Наконец сирена оповестила, что все в порядке. Первыми, как стайка воробьев, в котлован кинулись ребятишки. Следом за ними начали спускаться рабочие.
Григоренко не дошел еще до котлована, как дорогу ему преградил мальчишка в роговых очках.
— Дядь директор, а дядь! Знаете, нашу квартиру камнем пробило. Вот такущий камень, — и он сложил два кулака вместе, — на полу валяется.
— А где ваша квартира?
— В бараке, который на снос.
— Ну ничего, строители залатают, — ответил Григоренко.— Теперь вам недолго осталось там жить.

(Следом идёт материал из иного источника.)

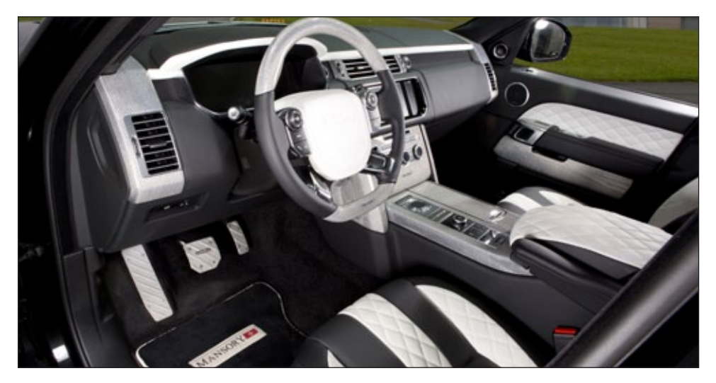
MANSORY Individualized Interior Kit Complete refined interior, by exclusive leather sorts, combination on customers request.

Air ventilation frames RRV 350 011 4 parts set, available with carbon and wood O modification only, OE-part required

— Знаю! — радостно выкрикнул мальчик и убежал.
У бровки котлована собралась группа инженерно-технического персонала. В центре — Комашко и Борзов. По их лицам видно, что взрыв прошел удачно.
Еще издали Григоренко отчетливо услышал слова главного инженера:
— Вот видишь, Валерий Ильич, и без трех тонн хорошо рвануло. Зачем же было рисковать?
«Значит, начальник цеха все же согласился уменьшить заряд? Удивительно!..» — подумал Григоренко.
Борзов молчал и думал о своем. Стоит ли сейчас сказать правду усмехающемуся Комашко? Взрыв проведен по его, Борзова, расчетам. Ни килограмма взрывчатки он не сократил; и никакого риска в этом, разумеется, не было. Был трезвый расчет. Да, он скажет об этом Григоренко. Мол, наказывайте за самоуправство, виноват. Но скажет потом, немного погодя, не сейчас.
— Ну что ж, Валерий Ильич, поздравляю вас, — пожимая руку Борзову, сказал Григоренко. — Первый раз, а здорово! Так держать!
— Есть так держать, товарищ командир! — ответил, улыбаясь, Борзов и подумал, не обидится ли Григоренко, когда узнает о его выходке. — Можно и лучше подрывать. Нужно попробовать другие виды взрывчатки. Негабариты все-таки есть. Мало, но есть.
6
Звонок междугородной станции совсем не такой, как обычный. Он всегда кажется более громким и тревожным. Бывает, даже вздрагиваешь от его неожиданной громкости.
— Григоренко слушает.
Сергей Сергеевич прижал трубку к уху плечом, так как руки были заняты — подписывал документы. Но вот он отодвинул в сторону бумаги и трубку взял рукой.
Звонил начальник главка. И хотя их разделяло расстояние в тысячу километров, слышно было хорошо.
— Как идут дела, Сергей Сергеевич? — спросил Шер.
— За первую декаду — сто три процента по щебню.
Конечно, начальника главка прежде всего интересовало другое. Его интересовали гранитные плиты.
Вошел Комашко. Григоренко кивнул, чтобы он садился, и продолжал разговор:
— Машины уже установили. Вскоре приступим к производству.